En la entrevista con Zeta durante la FILEY de 2018, César Aira también confesó algunos secretos de su proceso escritural, sobre todo considerando cómo en El testamento del Mago Tenor, un relato lleva a otro hasta que el lector descubre que ha terminado la novela.

— ¿Cómo es su proceso de creación?, porque incluso cada capítulo puede leerse como un relato independiente en una novela…

“Sí, pero eso me parece que va por el lado de la improvisación; como yo nunca pienso antes de empezar un libro, cómo va, qué argumento va a tener, me basta con tener una idea inicial, y a partir de esa idea ir inventando todos los días. Así que muchas veces una línea argumental se termina y tengo que reiniciarla con otra; a veces por mi modo de escribir”.
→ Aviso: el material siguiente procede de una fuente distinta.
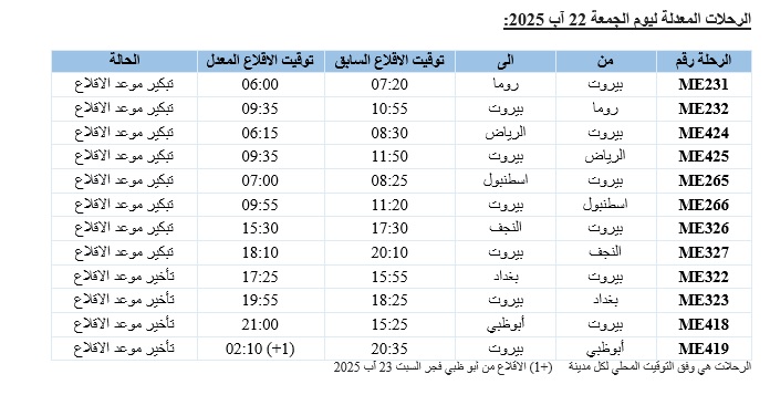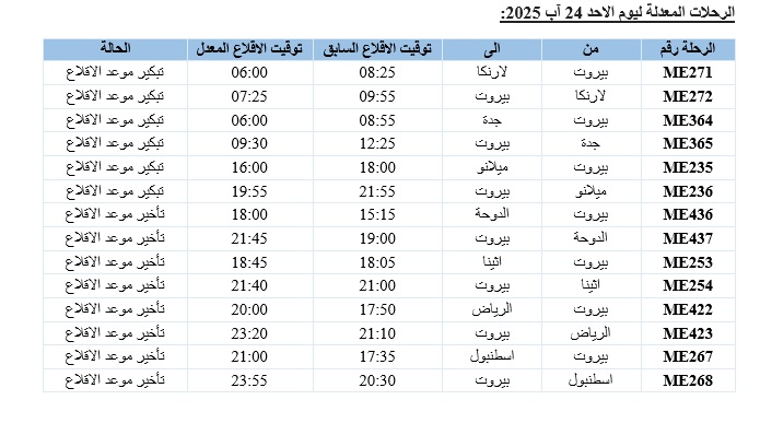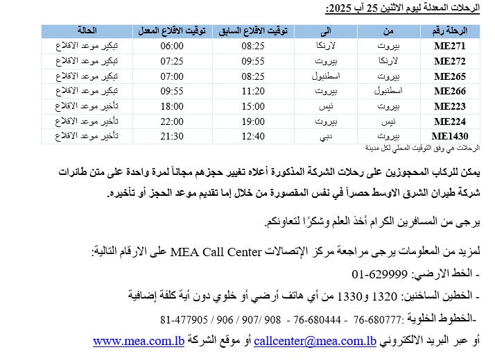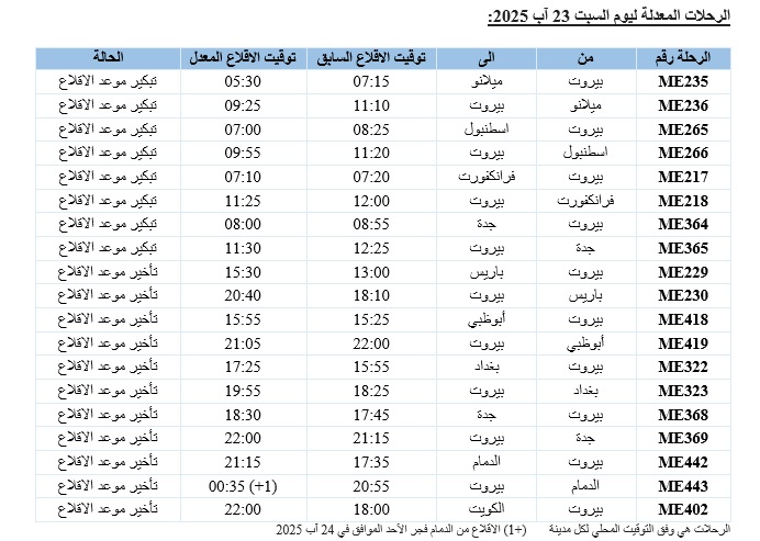 1- الغاء رحلة العودة من الكويت الى بيروت المجدولة ليوم السبت في 23 آب 2025 تحت رقم ME403 (موعد اقلاعها كان 21:15) بحيث سيتم تحويل الركاب الى الرحلة ME407 التي ستقلع من الكويت عند الساعة 20:20 مساء يوم السبت في 23 آب 2025

— ¿Hay un reordenamiento final de los relatos para armar la novela?

“No, se va haciendo página por página. Como escribo una página por día, al día siguiente a veces me he olvidado de lo que escribí el día anterior, toma otra línea, eso lo dejo así, a veces con una cierta desorganización porque me gusta escribir un poco sinuoso, no en línea recta el relato que va en línea recta.

“Me gusta hacer digresiones como en los ríos: afluentes distintos que se van para otros lados; en general soy como muy generoso con mis ideas, porque se me ocurre algo y eso escribo. A veces no pienso mucho si conviene que esté ahí, o sea, se me ocurrió, ahí queda; no soy muy exigente en eso”.

En El testamento del Mago Tenor siempre llaman la atención del lector algunas ideas filosóficas sobre el ser humano o la modernidad: “La gente común debía ir a las tiendas a comprar las cosas porque sus vidas eran limitadas, y si esperaban a hacer las cosas se morían sin tenerlas”, “… la delincuencia se hacía más y más habitual en esa área del Punjab y escalaba peligrosamente hacia la criminalidad salvaje. Una modernidad más digerida, un capitalismo desprovisto de escrúpulos sociales y humanos, la desocupación, el proxenitismo se conjugaban para crear un estado de miseria y abandono al que las grandes ciudades y los poderes centrales cerraban los ojos”, se lee también en alguna parte de la obra.

— En El testamento del Mago Tenor permanece la idea de un asceta que se aleja de la modernidad…

“Bueno, ésa es una de las líneas, pero justamente qué curioso, ahora estoy escribiendo un relato, una novelita, que se me ocurrió leyendo un libro muy hermoso sobre los pintores chinos tradicionales; esos pintores que se iban a una cabaña a la montaña, eran pintores, poetas también.

“Se me ocurrió hacerlo en mi pueblo, Pringles; en mi pueblo había y sigue habiendo un arroyo que corre cerca del pueblo, no es un río, es un riacho, un arroyo pero muy arbolado, se me ocurrió hacer que un pintor del pueblo, de cuando yo era chico en los años 50, se va como los pintores chinos, a una pequeña cabaña en el arroyo a pensar, a sentir la naturaleza, la soledad, como un asceta.

“Quizás es algo que está en mí, ese deseo no materialmente de irme a una cabaña en la soledad como Soro en ‘Walden’, sino que el escritor, por el hecho mismo de escribir lo que está imaginando, está en cierto modo aislado del mundo; el mundo rebota y se mete en su cápsula, pero esa cápsula existe. El escritor lo mismo que el lector, el escritor mucho más, crea su propio mundo, su burbuja, y ahí adentro trata de vivir feliz”.

— Finalmente, en su crítica a la modernidad y el capitalismo, ¿hay algo de autobiografía en la idea del aislamiento?

“Nunca es del todo autobiográfico, pero siempre es autobiográfico, porque ese tipo de ideas surrealistas que a mí se me ocurren, ideas locas, cuando las estoy escribiendo siento la necesidad de poner algo mío, no necesariamente autobiográfico, sino algo que es importante para mí, porque si no queda como un mero juego de la inteligencia, un juego como hacer un crucigrama; es decir, no tiene algo profundo, propio”.